Many students are not aware of our application process, which is communicated on our website, or they ignore instructions. Typically, I will receive emails with super big portfolios or links to their website, and we just don't have the time to look through everything, or download large files. It's best to follow the application process if you want your resume and portfolio reviewed. I’d advise sending everything in PDF format which is more easily accessible.

Can you share a recruiting secret or tip with us?

Most managers reviewing resumes and portfolios have very little time, so make sure you stand out from the rest.

What do you find recent graduates are most surprised by when they enter the workforce?

Our office is very fast-paced and hands-on, which is quite different from an academic environment.

What do you think will be the major changes in the interior field in the next five years?

I think there’s going to be a significant focus on diversifying the industry with respect to attracting people from different backgrounds, in terms of minority architects and women.

How would you suggest recent graduates maximize their time with their mentors?

We have a structured mentoring program.
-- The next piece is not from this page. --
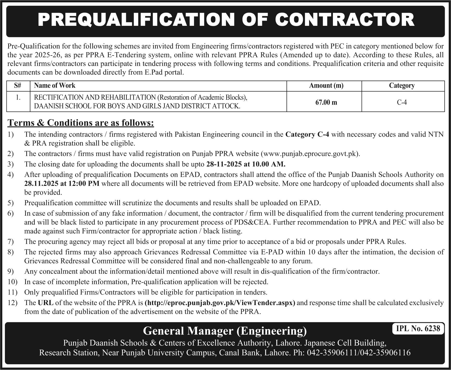 Water Supply Scheme / Drains / Sewerage, Roads, Repair & Maintenance, Pre Qualification, Engineering, Construction, Buildings

I definitely encourage graduates to have a mentor, to help give them advice on how to achieve goals, as well as steer them in the right direction, and have someone who could be an advocate for them. Meeting regularly is important as well.

Is there anything else you'd like to share?

As they’re entering the field, I recommend getting involved in the industry somehow as a volunteer. I think it’s very important to give back to the design community, whether it’s through the AIA, ACE Mentoring, or Habitat for Humanity.